(Data items)
--- START ---

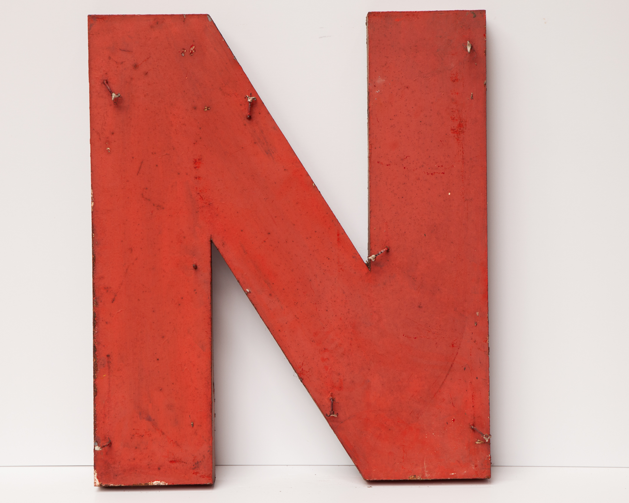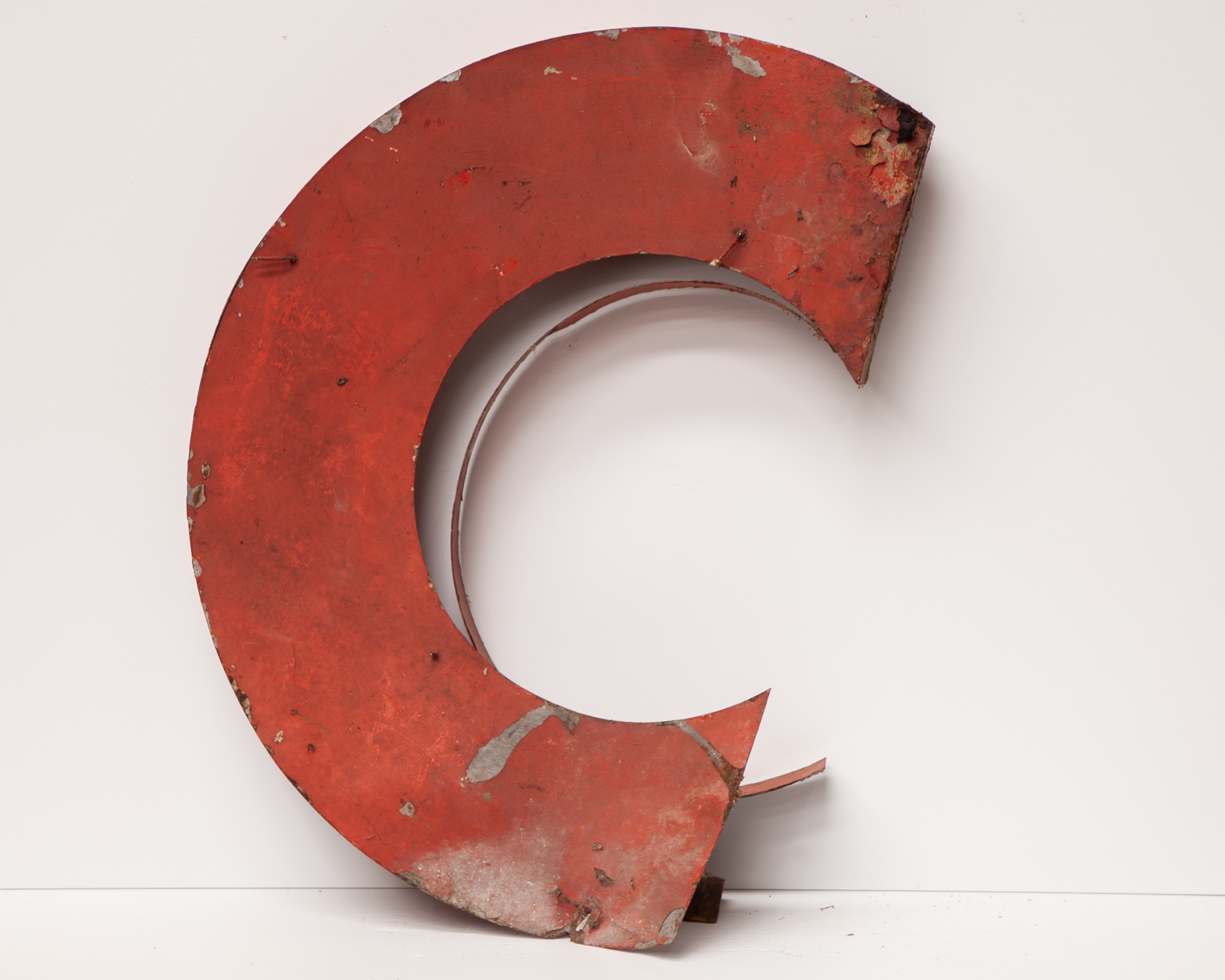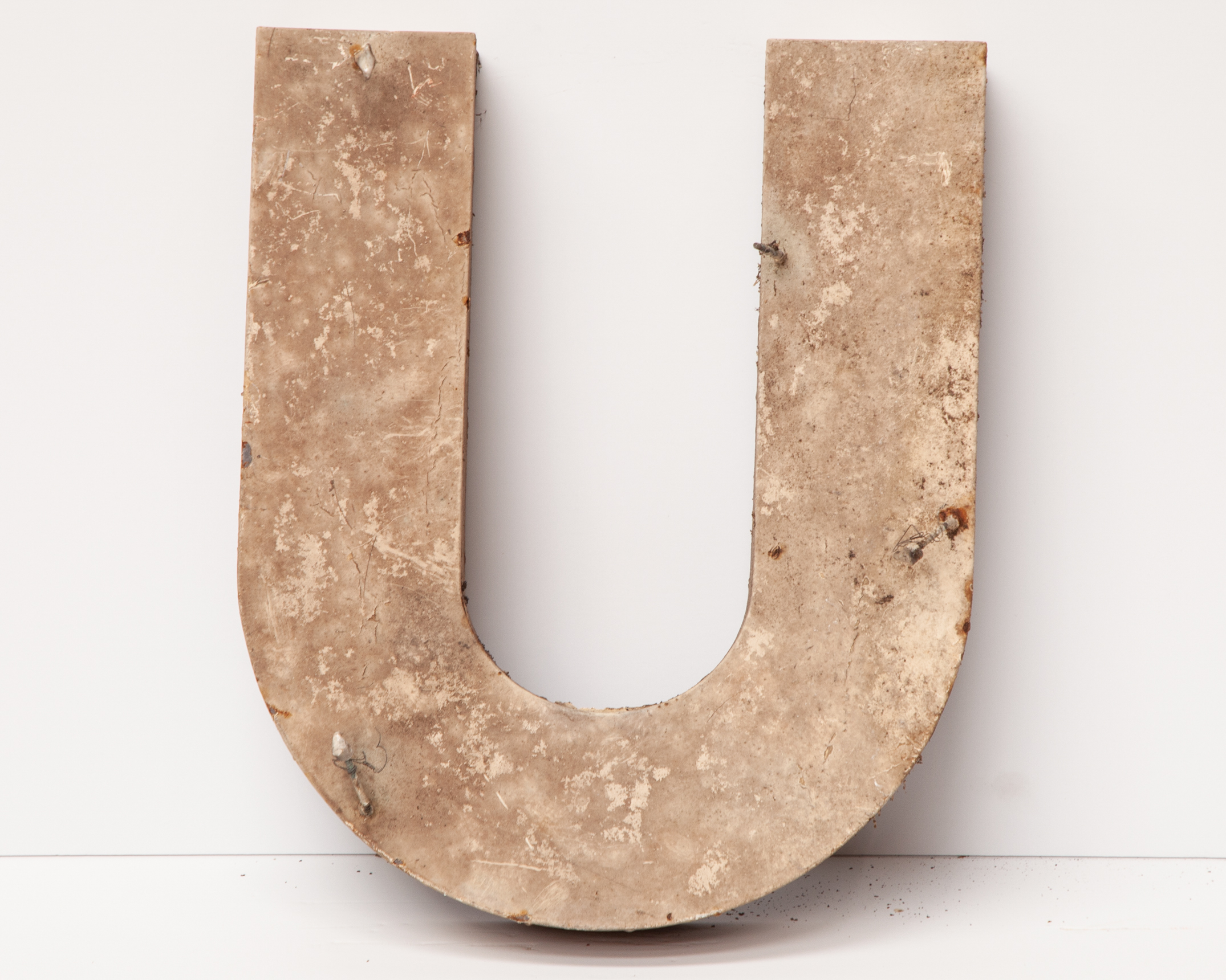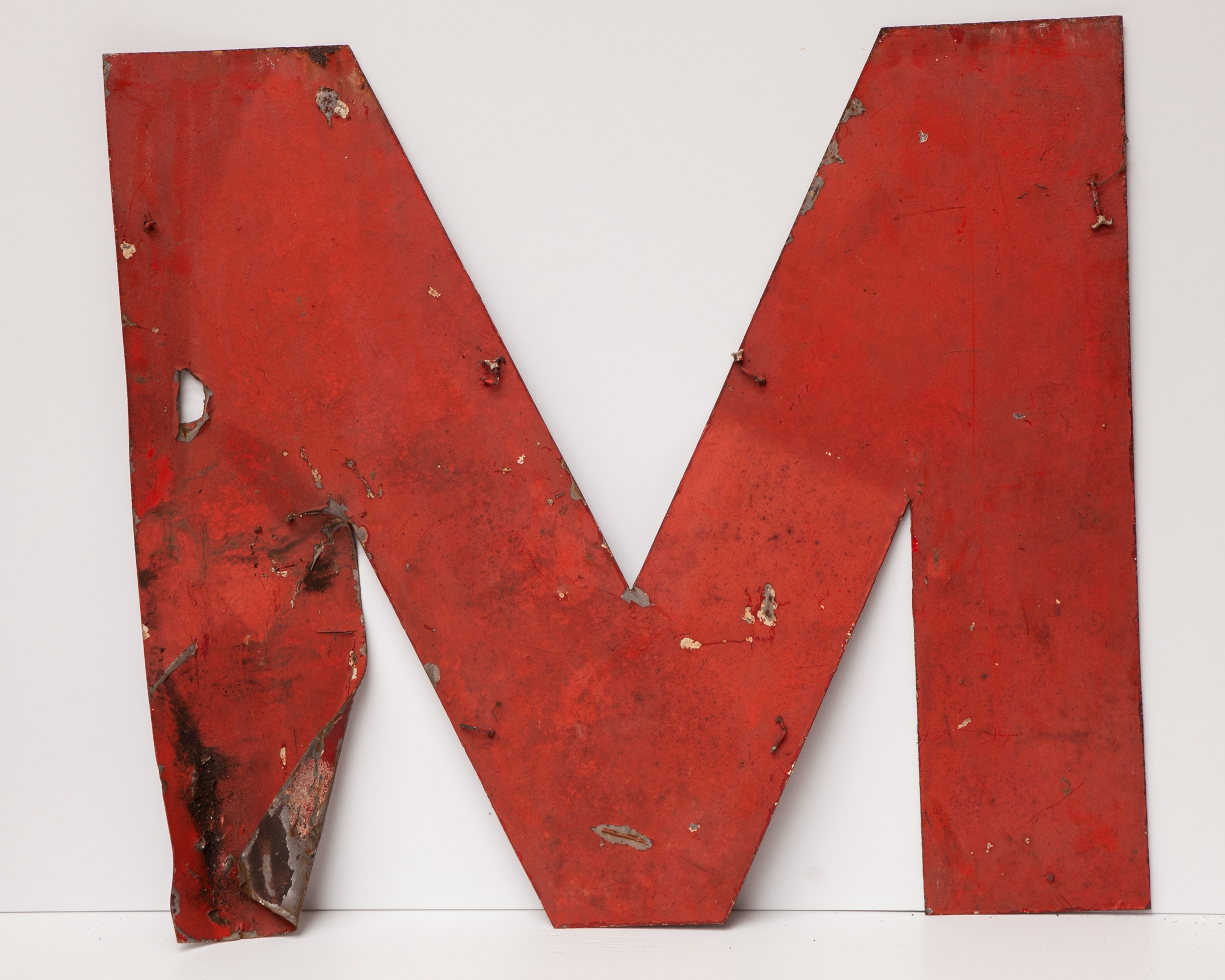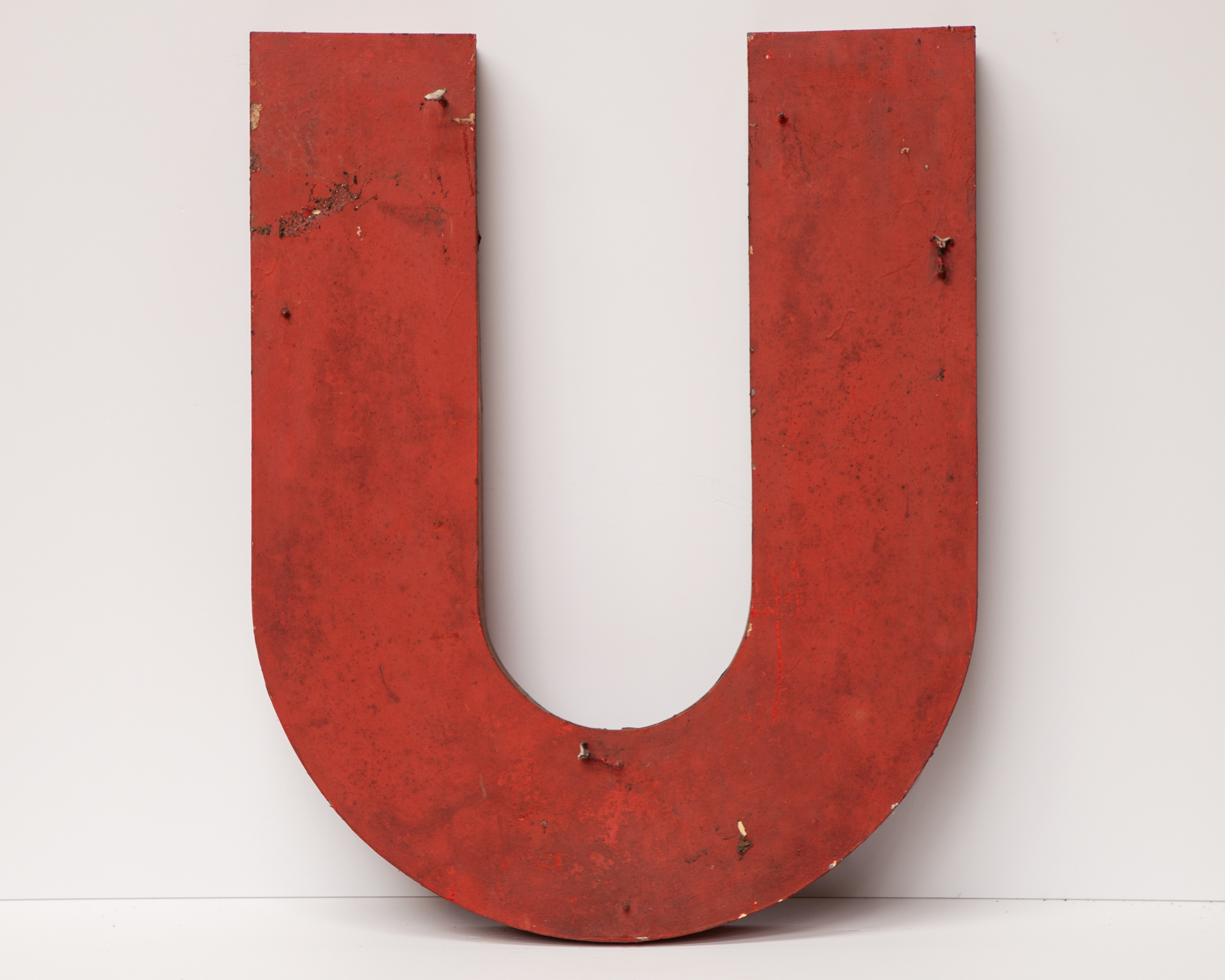 This unique sign consisting of sixteen 36in high red letters spelling our Manchester United and twelve 18in high white letters spelling out Football Club, the letters lacking the neon tubes and in various states of condition
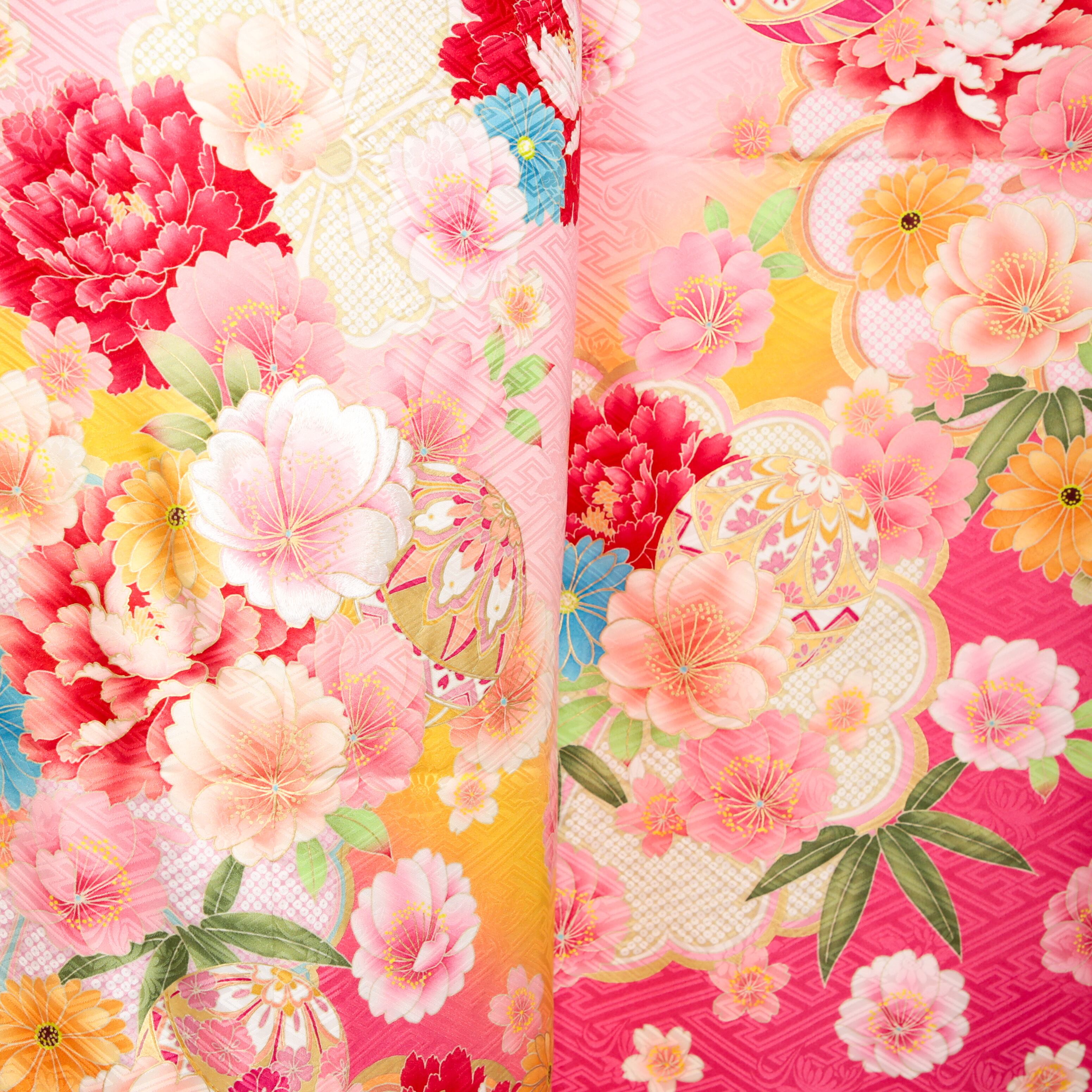 優しいピンク地に桜や鞠が印象的な新古典振袖です。
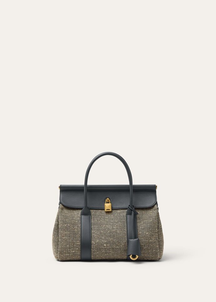 The Loom bag L25 pays homage to Loro Piana’s century-spanning heritage in fabrics and fibers – the metal bar beneath the flap evoking the gentle cascade of cloth draped across the textile loom. Crafted in wool, silk, and linen tweed, it is anchored with a refined padlock that can be worn closed or open for a more relaxed look that retains its signature charm. The timeless accessory is ideal for carrying in hand or crossbody, offering ultimate versatility.
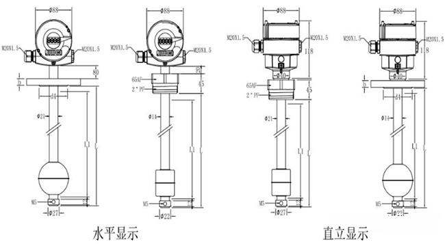 為更直觀地給用戶展現(xiàn)浮球式液位計的規(guī)格,請參考兩種浮球式液位計水平顯示以及直立顯示的不同規(guī)格尺寸,如下圖所示:
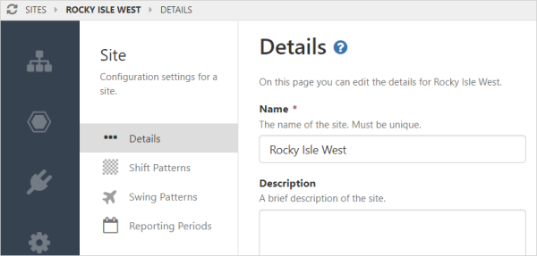 | Default Shift Pattern | A shift pattern can be specified as the default pattern for that site, and it will appear as the default shift in Workbooks. This is used by shift-based calculations. |
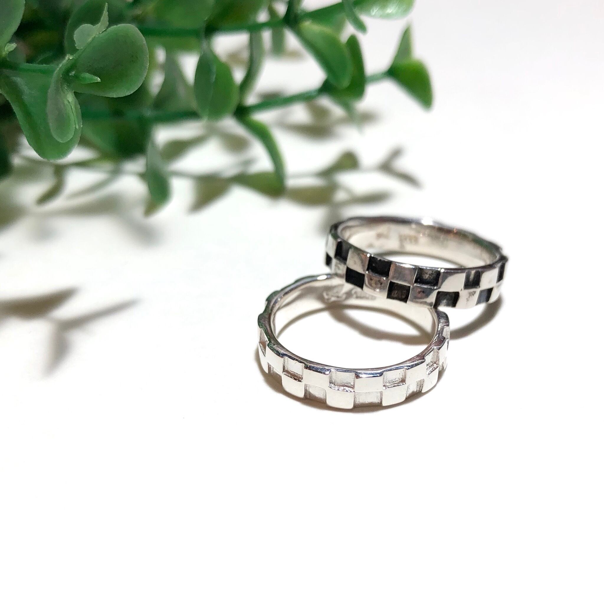 サイズ入荷!純銀製*チェッカーリング スリムタイプ
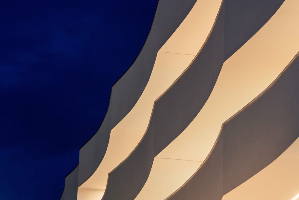 Jocul de lumini și umbre creează un fundal captivant al străzii, iar panourile verticale sparg liniile orizontale ale balcoanelor, oferind o compoziție vizuală ce își schimbă aspectul în funcție de momentul zilei.

--- END ---

> Work order:
For every entry above, write it out exactly and remove any image.

> Solution for this task:
 This unique sign consisting of sixteen 36in high red letters spelling our Manchester United and twelve 18in high white letters spelling out Football Club, the letters lacking the neon tubes and in various states of condition
 優しいピンク地に桜や鞠が印象的な新古典振袖です。
 The Loom bag L25 pays homage to Loro Piana’s century-spanning heritage in fabrics and fibers – the metal bar beneath the flap evoking the gentle cascade of cloth draped across the textile loom. Crafted in wool, silk, and linen tweed, it is anchored with a refined padlock that can be worn closed or open for a more relaxed look that retains its signature charm. The timeless accessory is ideal for carrying in hand or crossbody, offering ultimate versatility.
 為更直觀地給用戶展現(xiàn)浮球式液位計的規(guī)格,請參考兩種浮球式液位計水平顯示以及直立顯示的不同規(guī)格尺寸,如下圖所示:
 | Default Shift Pattern | A shift pattern can be specified as the default pattern for that site, and it will appear as the default shift in Workbooks. This is used by shift-based calculations. |
 サイズ入荷!純銀製*チェッカーリング スリムタイプ
 Jocul de lumini și umbre creează un fundal captivant al străzii, iar panourile verticale sparg liniile orizontale ale balcoanelor, oferind o compoziție vizuală ce își schimbă aspectul în funcție de momentul zilei.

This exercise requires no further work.